In 2002, Russian doctors were hacking away at the human head in order to “cure” heroin junkies. The practice involved drilling a small hole in the skull before removing one cubic millimeter of tissue from each side of the brain. Between 1999 and 2002, doctors carved up nearly 335 patients, many of which were “successful”, except for side effects like splitting headaches and loss of sanity.
Eventually, the government ended these horror shows, but the practices live on in China. Technically, Chinese lobotomies were outlawed in the early 2004, but some doctors still carry out the technique in the name of research. As of 2012, over one thousand addicts underwent a terrifying procedure that involved burning cells in the nucleus accumbens. This is the part of the brain that releases dopamine, the pleasure-releasing chemical. By torching a few of these cells, scientists hope to kill the junkie’s cravings, but they risk wiping out a person’s ability to feel any sort of pleasure at all.
Sadly, the success rate for these surgeries is very low while negative side effects are very high. While the ethics are debatable, the practice does raise an interesting question: is it worth erasing your humanity to beat a crippling addiction?
2. Beatings
Dr. German Pilipenko and Prof. Marina Chukhrova are psychologists with a firm belief that if a junkie comes along, you must whip him, whip him good. The duo run a clinic in Siberia where addicts are beaten on a regular basis. People struggling with booze, narcotics, or even work and sex addiction will pay 3,000 rubles ($99) to strip off their clothes and lie face down on Pilipenko’s surgical table. Then an opposite-sex medic shows up, armed with a willow switch. The punishment professional then starts whacking the client on the buttocks, giving sixty spankings to drug users and thirty to everybody else.
While this might seem pretty kinky to most of us, Dr. Pilipenko swears it’s strictly scientific. The good doctor claims whippings release endorphins or “happiness hormones” as he calls them. These chemicals help patients feel better, more relaxed, and full of “enthusiasm for life.” In addition to providing joie de vivre, the canings are supposed to help junkies deal with the stress that drives their addictions. Besides, Pilipenko claims, the whole process is heavily regulated. Clients receive examinations beforehand to make sure they can withstand a beating, and addicts receive counseling before and each session to help them overcome their dependency. Whether there’s a sexual component or not, you can definitely say that the occasional rod to the tush sure beats addiction.
1. Internet Addiction Camps
Despite a love affair with censorship, China has over 300 million Internet users, many of whom are highly addicted. Instead of standing idly by while kids spend all their time online, the government has sponsored a series of Internet boot camps, with mixed results.

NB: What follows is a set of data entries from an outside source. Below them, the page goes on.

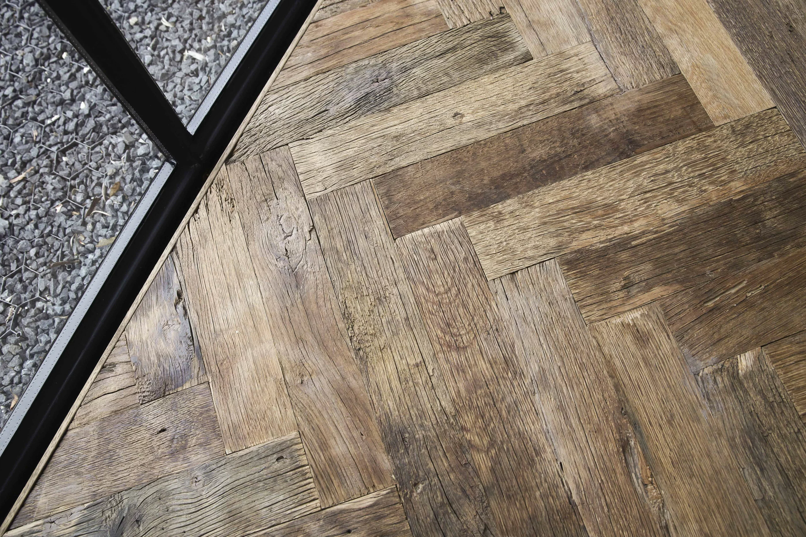 A herringbone floor is timeless and is a floor for a lifetime! We supply this exclusive old herringbone floor as an engineered floor so that it is suitable for underfloor heating. The oak top layer is 7 mm thick. The oak parts are at least 200 years old and have the 'imperfections' that give your home the right appearance and character.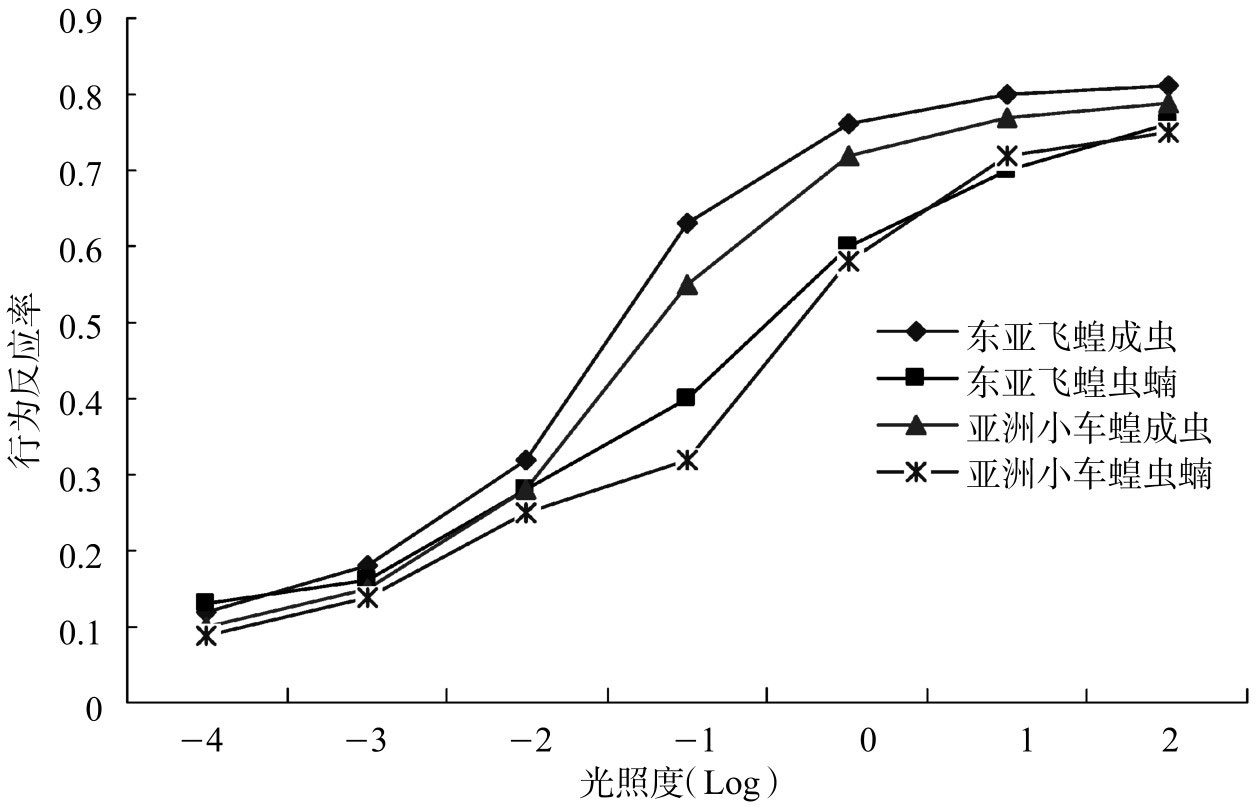 图10表明了蓝光光照强度对蝗虫成虫和蝗蝻的趋光反应行为影响。无论是东亚飞蝗还是亚洲小车蝗,在各个光照强度条件下蝗虫成虫的趋光反应率普遍高于蝗蝻的趋光反应率,并且蝗蝻的趋光反应率滞后于成虫大约1~2个数量级的光照强度。表明不同的发育阶段及生理状态对蝗虫趋光行为有不同影响,蝗虫成虫具有明显高于蝗蝻的光谱强度敏感性。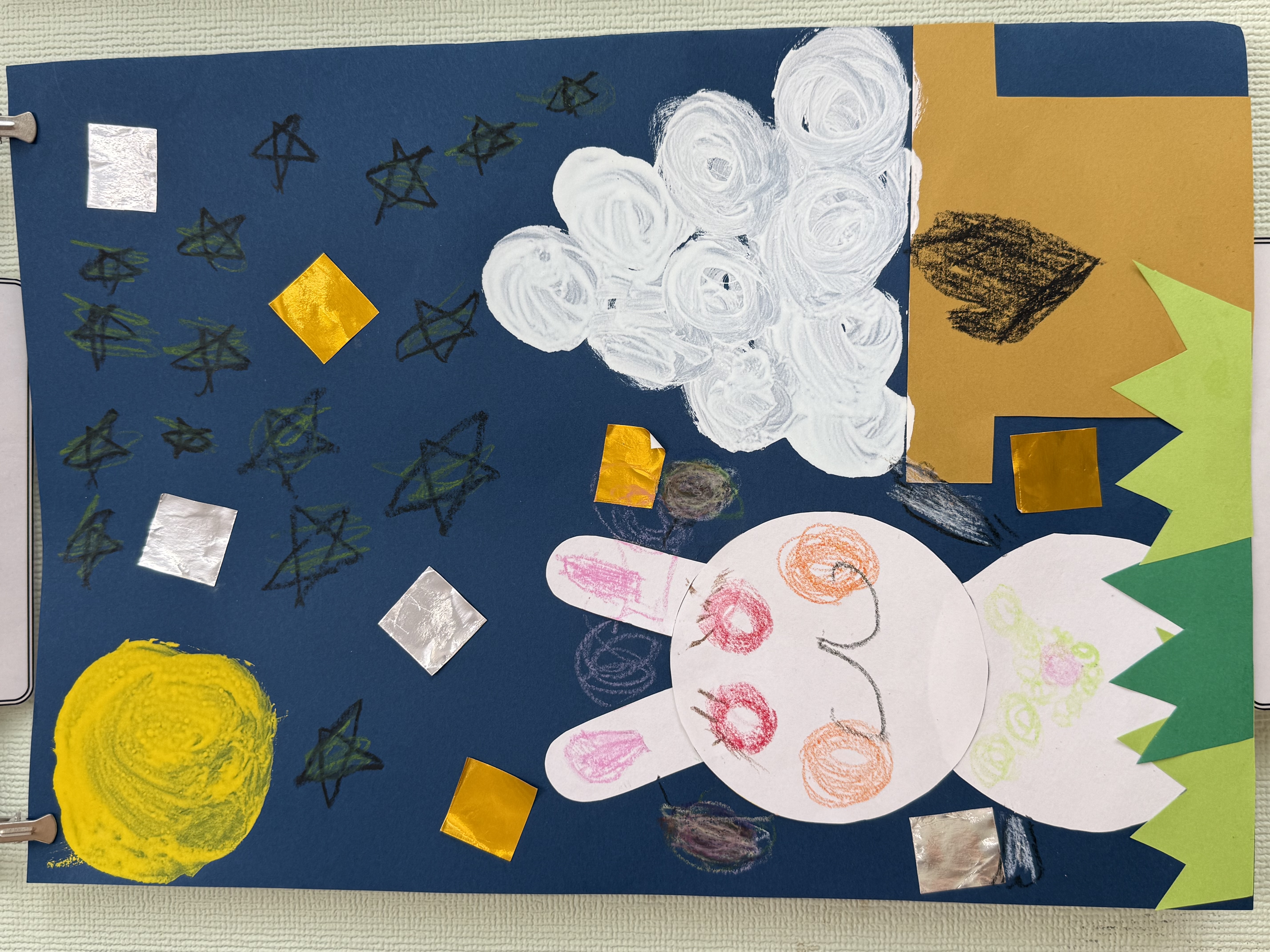 「お月様綺麗だね!」と、完成した作品を見てうっとりした表情をした子も多かったです。

Parents who feel their teens are junkies can enroll them in Internet addiction camp, like the one run by Colonel Tao Ran in Beijing. For three months, kids (and their parents, since Ran believes Internet addiction stems from bad parenting) are forbidden access to computers and cell phones. They wake up at 6:30 AM, perform military drills, undergo counseling, read actual books, and play sports until bedtime at 9:30 PM.

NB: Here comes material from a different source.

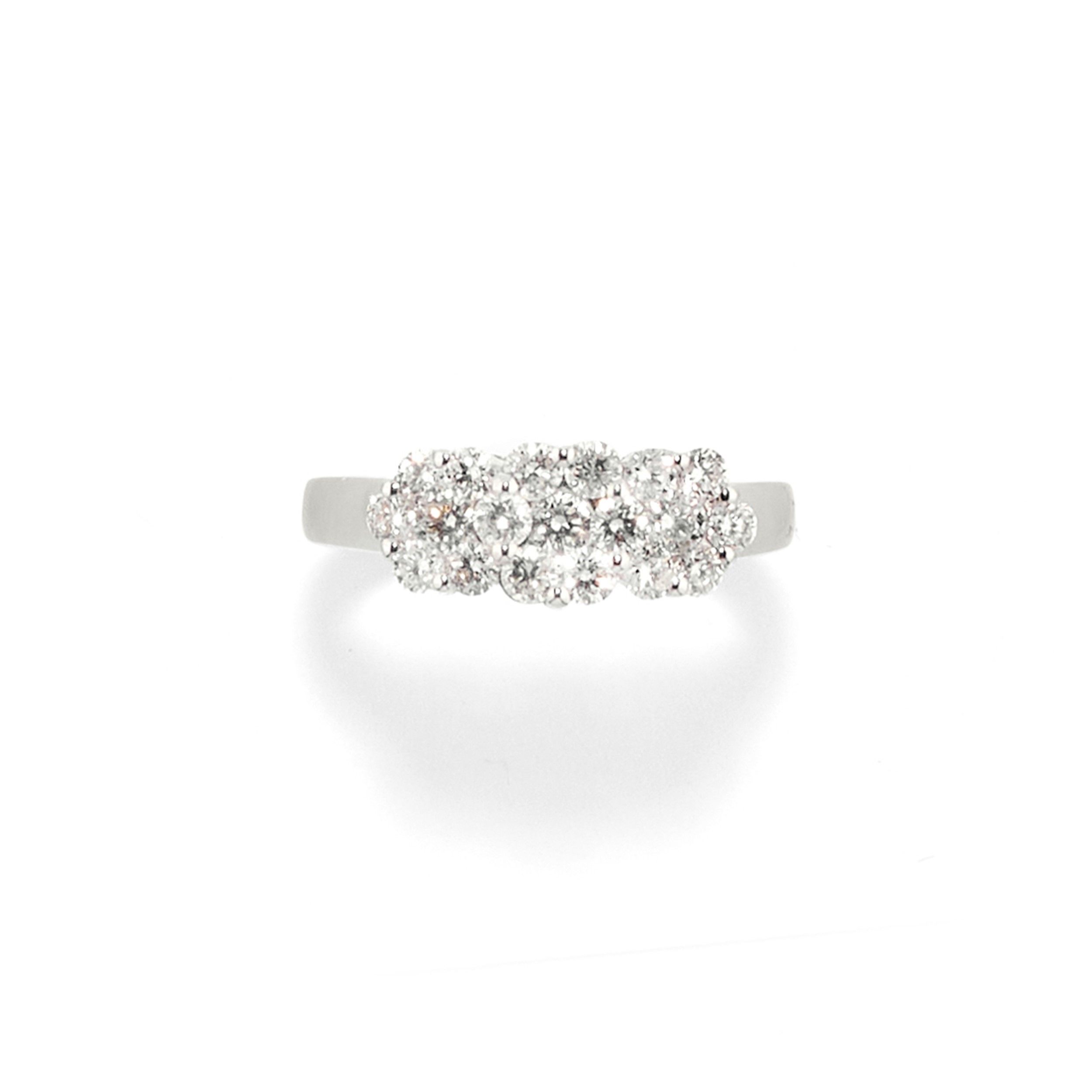con tre motivi a fiore in diamanti taglio brillante per totale ct 0,99 (caratura incisa).

The success of camps like Ran’s are causing the idea to spread all across Asia. In 2013, Japan announced they too would start “Internet fasting camps” in attempts to crush addiction there. Hopefully, their approach is more like Ran’s and less like some of his downright brutal competition. One such camp punished rule breakers with electroshock therapy, and in 2009, three instructors beat a sixteen-year-old boy to death in Nanning. These tragedies definitely put a dark spin on the camps and, sadly, give less-sadistic camps a bad reputation.